Write a function geo2bin that takes a geohash (str) and returns its bitstring representation (str).
Write a function unravel that takes a string (str) argument. If we number the characters in the given string from left to right starting at zero, the function must return a tuple (tuple) containing two strings (str), where the first string is composed from the characters at the even positions and the second string from the characters at the odd positions.
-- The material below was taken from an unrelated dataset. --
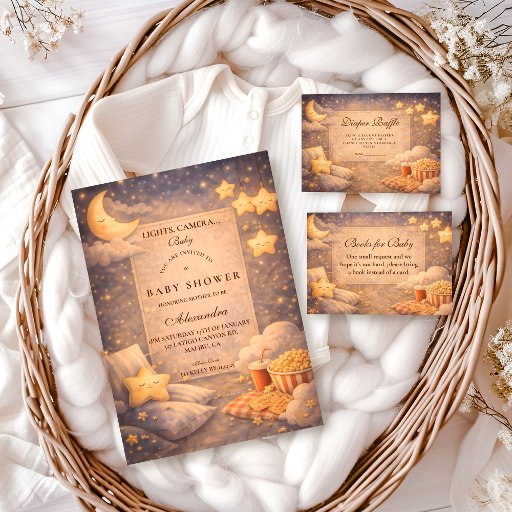 Set the scene for a cozy, cinematic celebration with this movie-themed baby shower design. Inspired by a warm home-theater night, the artwork features glowing string lights, classic popcorn tubs, soft blankets, and a nostalgic film-screen centerpiece that instantly creates a relaxed, intimate atmosphere.
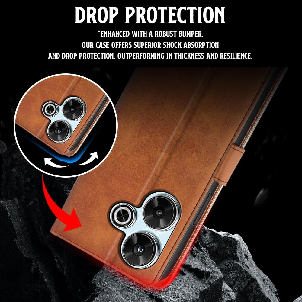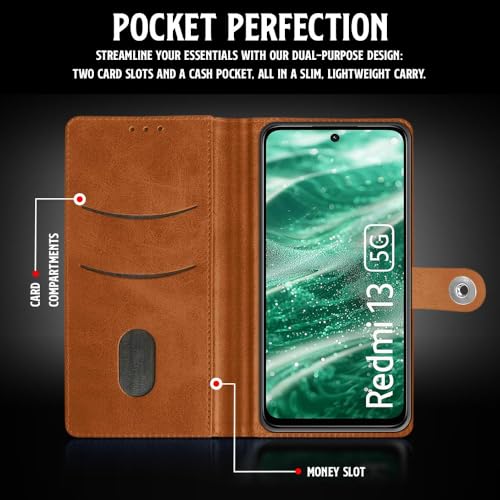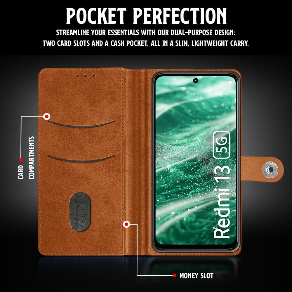 Shock Proof Flip Cover Back Case for Mi Redmi 13 5G | Magnetic Wallet Leather Case with Stand

Write a function bin2coord that takes three arguments: i) a bitstring (str), ii) the lower limit $$l$$ (float) of an interval and iii) the upper limit $$u$$ (float) of the interval. The function must return a tuple (tuple) containing two numbers $$l', u' \in \mathbb{R}$$ (float) that describes the interval $$[l', u']$$ obtained by repeatedly halving the given interval $$[l, u]$$ according to the instructions in the given bitstring.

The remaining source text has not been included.